Another trick is to partially decode instructions as they are loaded into the instruction cache. Because a cache miss is a slow operation, the extra time to decode some aspects of the instruction can be hidden. Branches are particularly useful to predecode, because early detection of a branch outcome reduces the pipeline penalty associated with mispredicting the branch. Some systems keep branch prediction or branch target addresses together with the predecoded branches in the cache. Thus, once a branch has been executed, its target and past behavior are stored back into the cache so that they can be automatically used as soon as the line containing the branch is loaded into the instruction prefetch buffer.

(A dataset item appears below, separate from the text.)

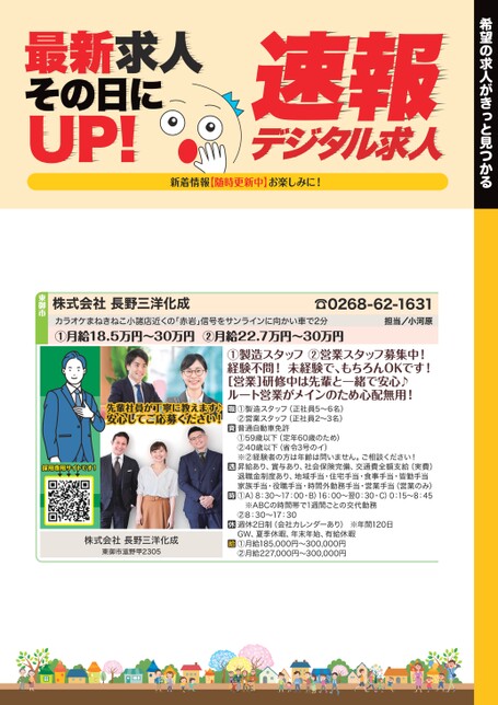 希望の求人がきっと見つかるデジタル求人速報最新求人その日にUP!新着情報【随時更新中】お楽しみに!☎0268-62-1631担当/小河原カラオケまねきねこ小諸店近くの「赤岩」信号をサンラインに向かい車で2分①月給18.5万円〜30万円②月給22.7万円〜30万円株式会社長野三洋化成東御市①製造スタッフ②営業スタッフ募集中!経験不問!未経験で、もちろんOKです![営業]研修中は先輩と一緒で安心♪ルート営業がメインのため心配無用!先輩社員が丁寧に教えます♪安心してご応募ください!採用専用サイトです!株式会社長野三洋化成東御市滋野甲2305①製造スタッフ(正社員5〜6名)②営業スタッフ(正社員2〜3名)普通自動車免許①59歳以下(定年60歳のため)②40歳以下(省令3号のイ)※②経験者の方は年齢は問いません。ご相談ください!昇給あり、賞与あり、社会保険完備、交通費全額支給(実費)退職金制度あり、地域手当・住宅手当・食事手当・皆勤手当家族手当・役職手当・時間外勤務手当・営業手当(営業のみ)①A)8:30〜17:00・B)16:00〜翌0:30・C)0:15〜8:45※ABCの時間帯で1週間ごとの交代勤務②8:30〜17:30週休2日制(会社カレンダーあり)※年間120日GW、夏季休暇、年末年始、有給休暇①月給185,000円〜300,000円②月給227,000円〜300,000円
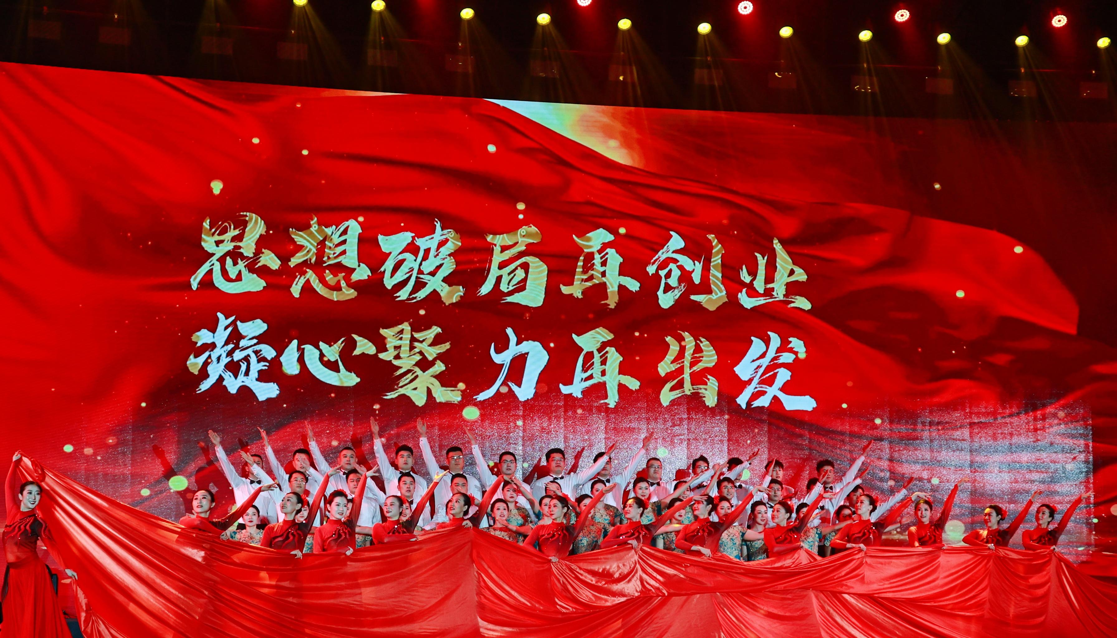 隨后,文藝匯演在歌舞《高歌行進》中正式拉開帷幕?!安煌鼇頃r路”“奮進正當時”與“高歌向未來”三個篇章輪番上演、精彩紛呈,生動展現(xiàn)集團改革突圍、勇挑重擔的奮進姿態(tài),全面吹響集團破局出發(fā)、再創(chuàng)輝煌的奮進號角。情景劇《堅定信念·薪火相傳》通過生動的演繹,精彩呈現(xiàn)集團70余年的發(fā)展歷程,彰顯了一代代內(nèi)蒙古交通人逢山開路、遇水架橋,埋頭苦干、擔當奉獻的精神面貌;詩朗誦《新征程 新起點》以鏗鏘有力的語言,回顧集團2024年承壓奮進的艱辛歷程,表達對未來發(fā)展的堅定信心與美好憧憬;舞蹈《守護》則以矯健的舞步,展現(xiàn)了公路養(yǎng)護工人在祖國北疆迎著酷暑、冒著嚴寒,守護1.1萬余公里公路的堅守與擔當;獨唱《駿馬奔馳保邊疆》用激蕩人心的旋律,展現(xiàn)出集團大力弘揚“蒙古馬精神”,為自治區(qū)經(jīng)濟社會發(fā)展貢獻交通力量的決心與魄力;現(xiàn)代激光群舞《新時代狂想曲》用聲光電多媒體的震撼效果,生動呈現(xiàn)集團聚焦主責主業(yè)超前布局新興產(chǎn)業(yè)、未來產(chǎn)業(yè)的宏偉藍圖和創(chuàng)新實踐,將整場演出推向高潮。演出在一首《光榮的旗》中落下帷幕,用氣勢磅礴的合唱表達集團上下以習近平新時代中國特色社會主義思想為指導(dǎo),在自治區(qū)黨委、政府堅強領(lǐng)導(dǎo)下,為全面建設(shè)社會主義現(xiàn)代化強國、全面推進中華民族偉大復(fù)興而團結(jié)奮斗的共同心聲和堅定決心。

Each additional bit in the type field doubles the number of possible instructions but also takes one more bit away from the space available for every instruction. A single type bit is probably too limiting and forces the two resulting types to hold instructions with unrelated functions. Four instruction types (two bits) are easily distinguished as arithmetic, load/store, branch/jump, and other control. Often within an "other" type there may be subtypes. Some instruction sets also distinguish floating point as a different type, while others make it a subtype of arithmetic. Because modern designs have separate floating point pipes, it is desirable to be able to identify these operations early so that they can be scheduled independently of other arithmetic operations.

Another way to extend the number of potential instructions is to define operational modes for the processor. For example, rather than having distinct big-endian and little-endian operations, a mode bit in a control register could be set to change the interpretation of the arithmetic statements. The mode bits can be viewed as an implicit extension of the instruction field. They should be orthogonal to the rest of the instruction set, such as controlling cache protocol or floating point format, so that they do not have to be changed frequently (another example of avoiding implicit relationships between operations and storage transfers).